Aim of the exercise:
Write out exactly the lines below that run from the one containing "12月4日,由印染在線主辦的" through the one containing "Jabong has Triveni", both included, with no other lines.

Data under study:
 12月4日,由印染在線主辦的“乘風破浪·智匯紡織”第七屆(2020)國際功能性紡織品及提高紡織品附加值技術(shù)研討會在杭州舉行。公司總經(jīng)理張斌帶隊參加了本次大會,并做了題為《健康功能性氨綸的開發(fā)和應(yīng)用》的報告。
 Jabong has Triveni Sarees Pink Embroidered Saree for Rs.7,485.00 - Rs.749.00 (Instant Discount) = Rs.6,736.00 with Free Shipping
---
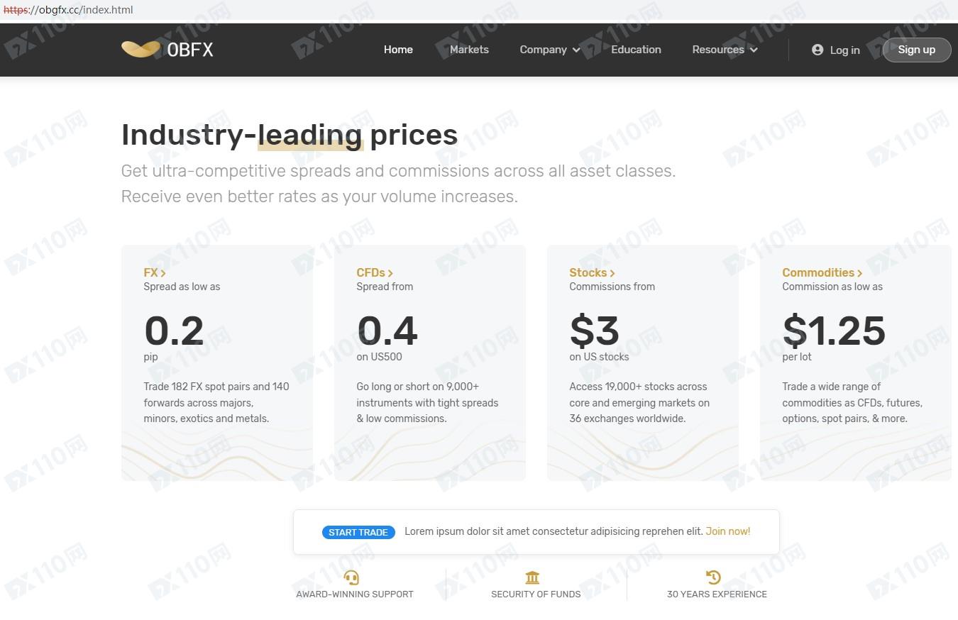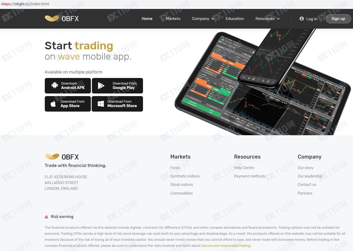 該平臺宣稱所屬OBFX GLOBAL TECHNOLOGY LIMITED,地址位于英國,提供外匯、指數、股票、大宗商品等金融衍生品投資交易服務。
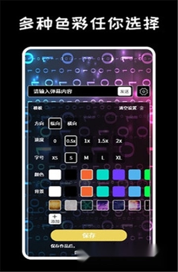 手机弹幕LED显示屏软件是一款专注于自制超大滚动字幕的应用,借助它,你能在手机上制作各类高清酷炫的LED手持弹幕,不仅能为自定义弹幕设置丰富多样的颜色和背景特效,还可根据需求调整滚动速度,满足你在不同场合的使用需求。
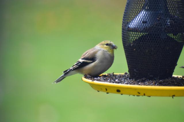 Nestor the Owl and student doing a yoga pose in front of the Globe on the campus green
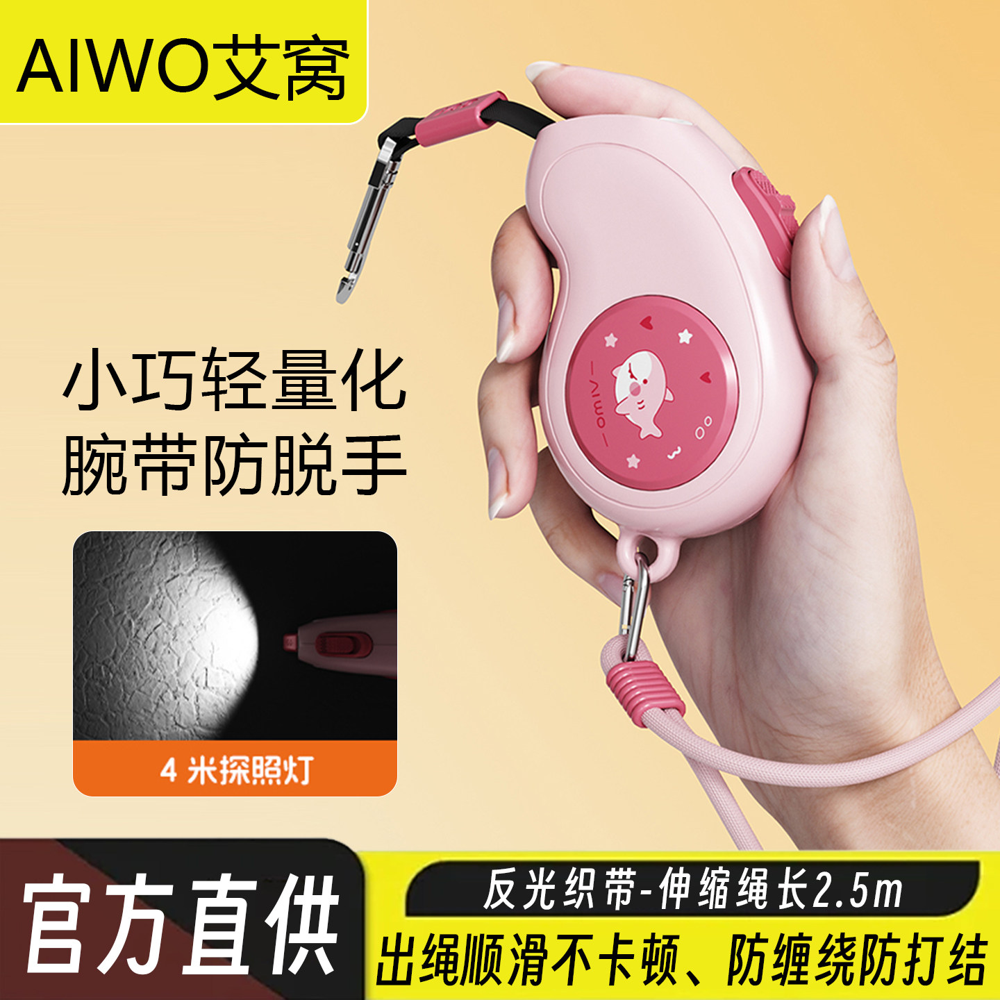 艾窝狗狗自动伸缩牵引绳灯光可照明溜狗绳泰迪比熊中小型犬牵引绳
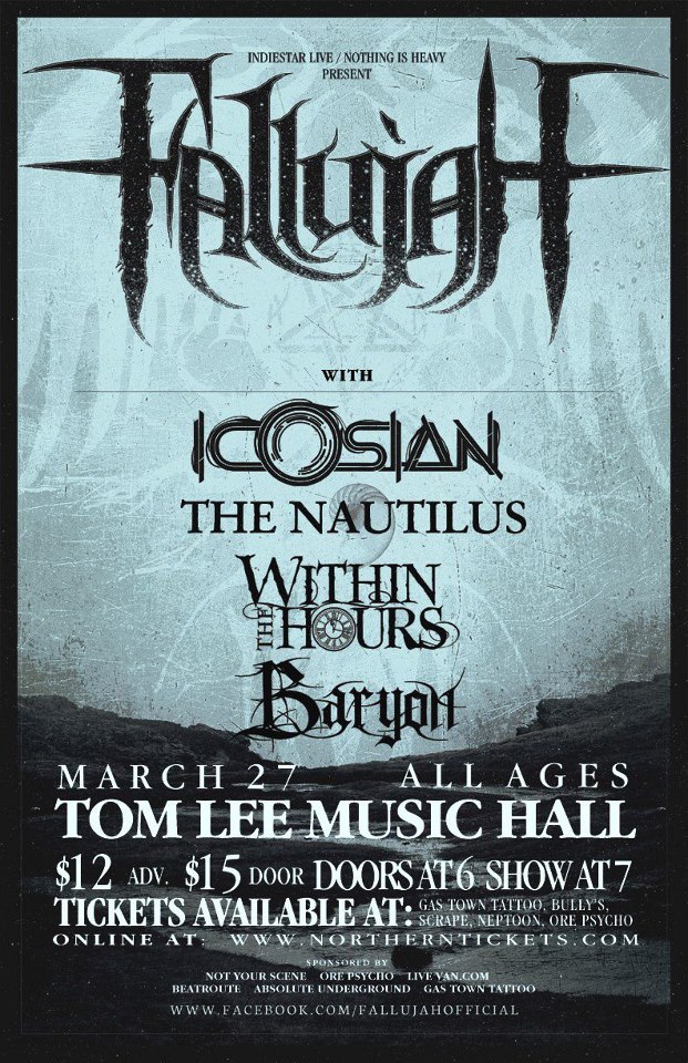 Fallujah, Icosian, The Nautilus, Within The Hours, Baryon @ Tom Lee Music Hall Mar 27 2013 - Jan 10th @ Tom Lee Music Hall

Result:
 12月4日,由印染在線主辦的“乘風破浪·智匯紡織”第七屆(2020)國際功能性紡織品及提高紡織品附加值技術(shù)研討會在杭州舉行。公司總經(jīng)理張斌帶隊參加了本次大會,并做了題為《健康功能性氨綸的開發(fā)和應(yīng)用》的報告。
 Jabong has Triveni Sarees Pink Embroidered Saree for Rs.7,485.00 - Rs.749.00 (Instant Discount) = Rs.6,736.00 with Free Shipping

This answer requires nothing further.